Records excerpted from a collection
━━━

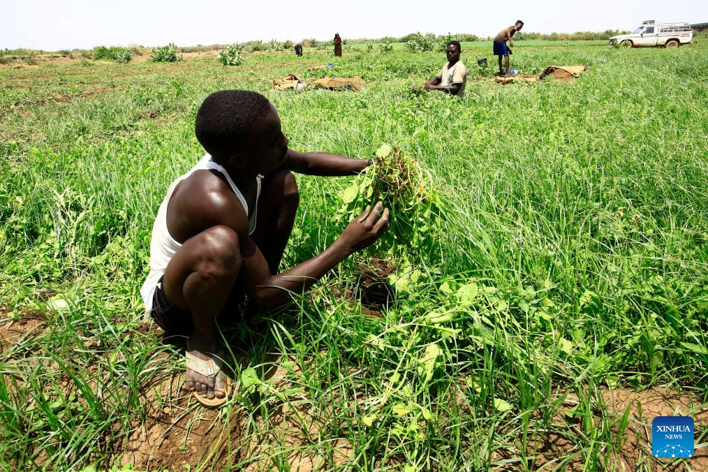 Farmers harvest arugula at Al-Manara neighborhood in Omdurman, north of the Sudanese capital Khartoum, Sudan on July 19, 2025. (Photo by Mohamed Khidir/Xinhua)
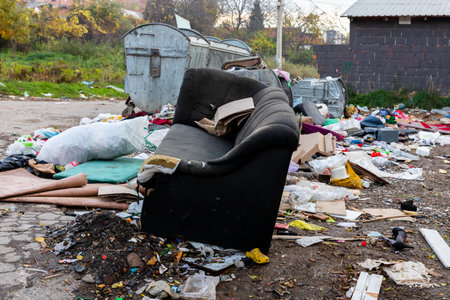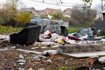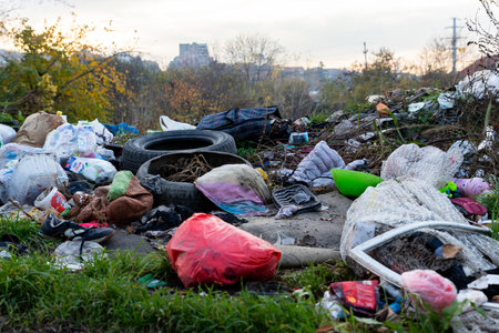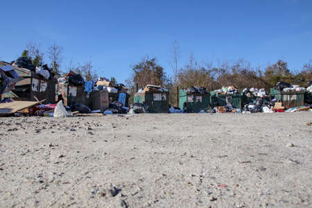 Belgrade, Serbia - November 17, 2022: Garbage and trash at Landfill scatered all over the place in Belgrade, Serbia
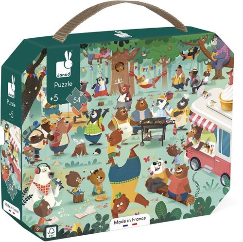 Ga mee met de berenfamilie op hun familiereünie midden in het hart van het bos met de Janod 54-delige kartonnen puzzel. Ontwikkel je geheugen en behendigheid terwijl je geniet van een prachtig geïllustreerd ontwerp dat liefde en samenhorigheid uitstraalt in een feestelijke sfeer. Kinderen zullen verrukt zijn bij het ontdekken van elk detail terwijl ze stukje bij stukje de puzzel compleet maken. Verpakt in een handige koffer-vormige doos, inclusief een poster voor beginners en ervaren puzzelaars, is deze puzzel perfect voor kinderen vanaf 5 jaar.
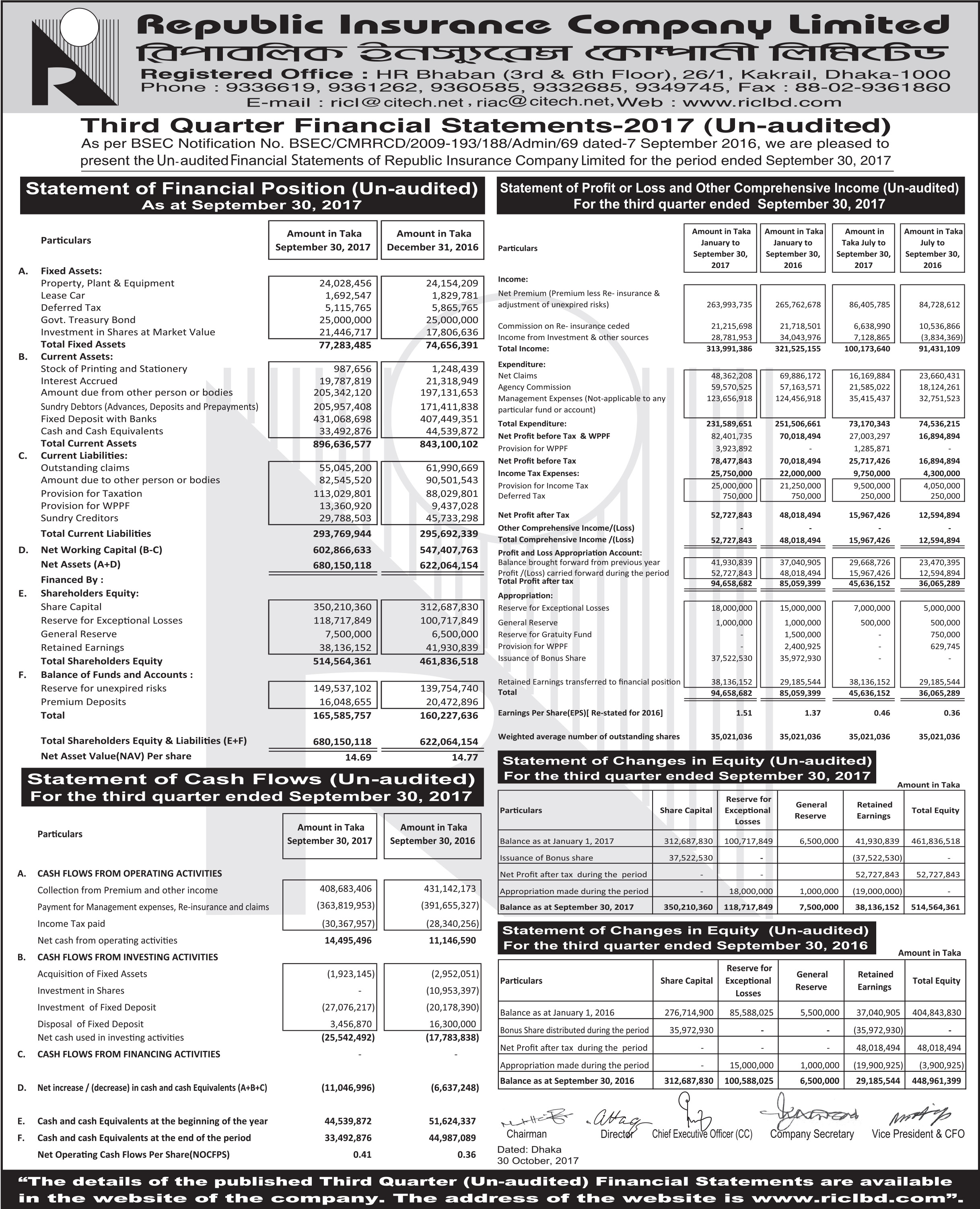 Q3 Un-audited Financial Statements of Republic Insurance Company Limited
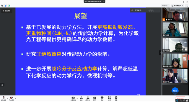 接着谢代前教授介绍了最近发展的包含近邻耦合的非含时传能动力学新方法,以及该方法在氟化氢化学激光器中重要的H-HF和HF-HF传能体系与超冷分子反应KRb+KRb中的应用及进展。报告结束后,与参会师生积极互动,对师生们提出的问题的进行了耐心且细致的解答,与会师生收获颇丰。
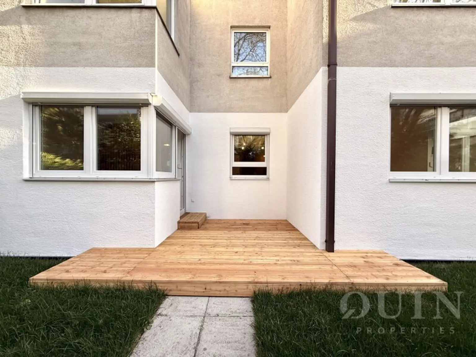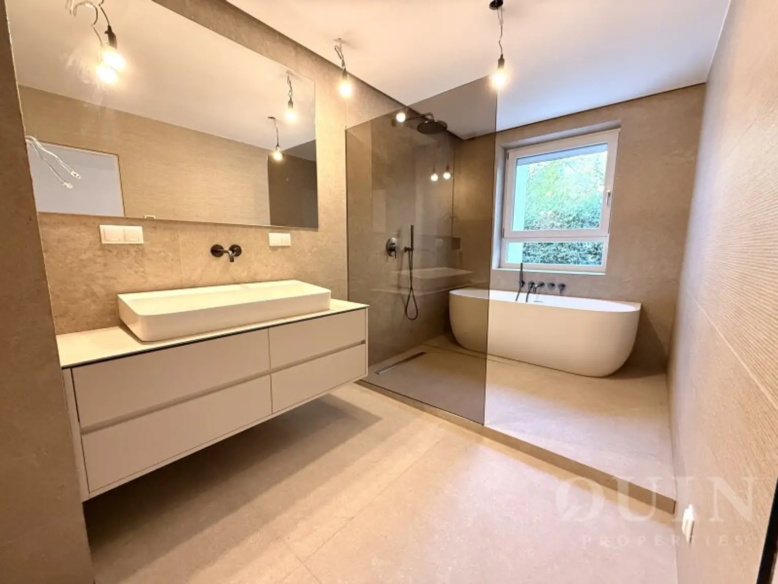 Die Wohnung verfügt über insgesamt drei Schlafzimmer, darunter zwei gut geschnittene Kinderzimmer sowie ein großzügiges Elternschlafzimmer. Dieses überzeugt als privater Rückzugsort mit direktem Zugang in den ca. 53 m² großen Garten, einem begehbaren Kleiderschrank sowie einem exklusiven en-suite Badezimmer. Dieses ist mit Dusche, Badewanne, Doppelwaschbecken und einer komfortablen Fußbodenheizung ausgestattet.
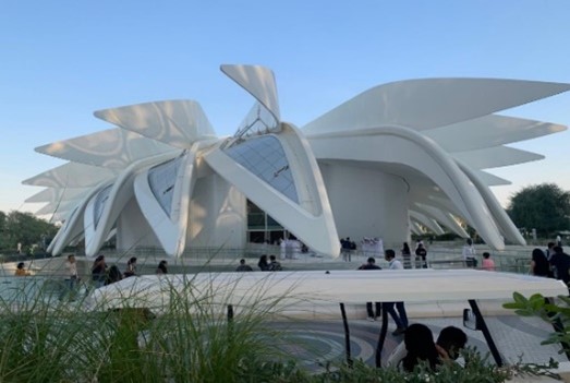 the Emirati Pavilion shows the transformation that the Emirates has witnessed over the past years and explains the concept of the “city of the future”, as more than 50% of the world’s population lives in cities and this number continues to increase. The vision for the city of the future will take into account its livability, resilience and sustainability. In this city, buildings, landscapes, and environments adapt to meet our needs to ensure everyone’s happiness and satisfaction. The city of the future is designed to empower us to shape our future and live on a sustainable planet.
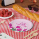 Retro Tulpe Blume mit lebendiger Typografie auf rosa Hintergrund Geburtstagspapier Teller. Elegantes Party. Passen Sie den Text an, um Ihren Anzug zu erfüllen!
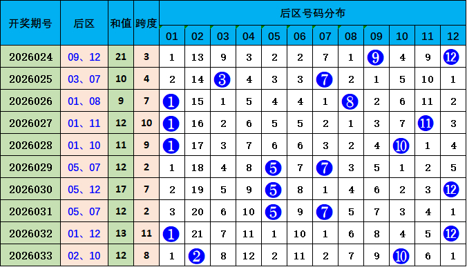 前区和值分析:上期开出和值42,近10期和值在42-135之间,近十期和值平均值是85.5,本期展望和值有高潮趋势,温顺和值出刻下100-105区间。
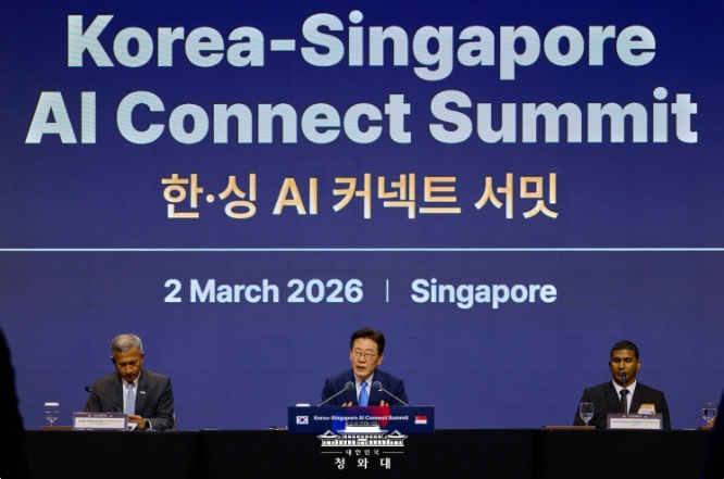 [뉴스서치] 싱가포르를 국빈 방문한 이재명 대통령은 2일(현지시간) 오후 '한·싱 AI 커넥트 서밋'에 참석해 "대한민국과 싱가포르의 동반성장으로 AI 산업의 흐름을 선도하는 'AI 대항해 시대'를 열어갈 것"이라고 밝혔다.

━━━

Work to be completed:
The answer must be the exact lines from the line with "Retro Tulpe Blume" to the final line of the data, both ends included, with no pictures.

Result of the task:
 Retro Tulpe Blume mit lebendiger Typografie auf rosa Hintergrund Geburtstagspapier Teller. Elegantes Party. Passen Sie den Text an, um Ihren Anzug zu erfüllen!
 前区和值分析:上期开出和值42,近10期和值在42-135之间,近十期和值平均值是85.5,本期展望和值有高潮趋势,温顺和值出刻下100-105区间。
 [뉴스서치] 싱가포르를 국빈 방문한 이재명 대통령은 2일(현지시간) 오후 '한·싱 AI 커넥트 서밋'에 참석해 "대한민국과 싱가포르의 동반성장으로 AI 산업의 흐름을 선도하는 'AI 대항해 시대'를 열어갈 것"이라고 밝혔다.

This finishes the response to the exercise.